Em 1894, o Brasil teve a primeira eleição direta da era republicana, e o paulista Prudente de Morais, venceu. No Ceará, prédios públicos e privados serviram de seção eleitoral.

Era uma quinta-feira, dia 1º de março de 1894. Prédios públicos e privados abrigavam urnas no Ceará. Há exatamente 128 anos, 7 meses e 28 dias, no Estado, assim como nas outras 21 unidades da federação no Brasil existentes à época (Acre, Amapá, Rondônia, Roraima, Mato Grosso do Sul e Tocantins não haviam sido criados), parte da população brasileira foi às urnas.

Foi a primeira vez na história da República que ocorreu o voto direto para escolher o presidente, o vice-presidente (eleito de forma direta no período), senadores e deputados

O Diário do Nordeste conta como os cearenses vivenciaram esse marco que, apesar das diferenças com as eleições atuais, abriu portas para processos democráticos. Esta reportagem integra uma série sobre casos inusitados na política cearense.

Com a queda da Monarquia e a proclamação da República em 1889, os militares Deodoro da Fonseca e Floriano Peixoto já haviam presidido o Brasil. Mas ambos eram militares e não foram eleitos por voto direto.

Somente em 1894 ocorreu a primeira eleição direta para a presidência no país que ainda se chamava República dos Estados Unidos do Brasil (o nome perdurou até 1968). 

À época, o voto, apesar de direto, ainda não era universal, logo, nenhuma mulher cearense, por exemplo, votou naquele pleito.  

Outras diferenças do modelo atual são a data das eleições e o tempo da apuração. Naquela altura, não existia ainda a Justiça Eleitoral, criada apenas em 1932. Logo, a condução do processo na “República Velha” foi marcada por limitações, pouca transparência, fraudes e violência

30 dias de apuração

Se hoje, a apuração tem início poucas horas após o fechamento das urnas e, antes do final do domingo de votação, os resultados já são conhecidos no Brasil inteiro, no começo da República, os procedimentos eram bem distintos. 

No Ceará, a apuração da eleição do dia 1º de março de 1894 só foi concluída e divulgada oficialmente pelos jornais da época no dia 31 de março.
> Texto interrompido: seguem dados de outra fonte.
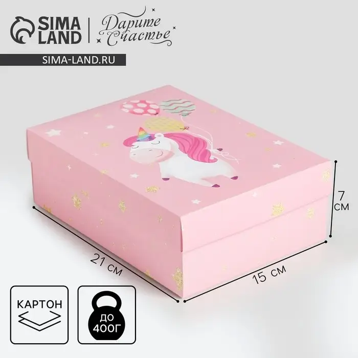 Коробка подарочная складная, упаковка, «Единорог», 21 х 15 х 7 см

Foram 30 dias de publicações nos periódicos de sucessivos balanços que atualizavam os resultados coletados nos colégios eleitorais nos municípios e nas vilas espalhadas no Estado. 

Os registros chegavam via documentos oficiais enviados por correio. Com publicações diárias das parciais dos votos, os jornais se encarregaram de atualizar a população letrada sobre o andamento dos resultados. 

Naquela época, os presidentes governavam por 4 anos, sem possibilidade de reeleição, e a posse, conforme documentos do Tribunal Superior Eleitoral (TSE), ocorria no dia 15 de novembro (seguindo o dia da proclamação da República), diferentemente dos dias atuais, a qual ocorre em 1º de janeiro após o ano eleitoral. 

Já o dia da eleição, durante o período da República Velha (1989-1930), foi, em geral, 1º de março do último ano do período presidencial. Hoje, a escolha do presidente da República, dos governadores, dos senadores e dos deputados, é sempre no 1º domingo de outubro, no 1º turno e, no último domingo do mesmo mês, em caso de 2º turno. 

Na primeira eleição direta, o paulista Prudente de Morais, que não era militar, foi o vencedor. Ele foi o primeiro civil a presidir o país. No mesmo pleito, o baiano Manoel Vitorino Pereira foi eleito vice-presidente. À época, os votos eram separados para presidente e para vice. Ambos foram eleitos para governar de 15 de novembro de 1894 a 15 de novembro de 1898

Como os cearenses votaram?

O Diário do Nordeste consultou jornais que circulavam no Estado à época e documentos do TSE sobre a história das eleições no Brasil. No cruzamento dessas informações, é possível dizer que aquela eleição teve reduzida participação popular. 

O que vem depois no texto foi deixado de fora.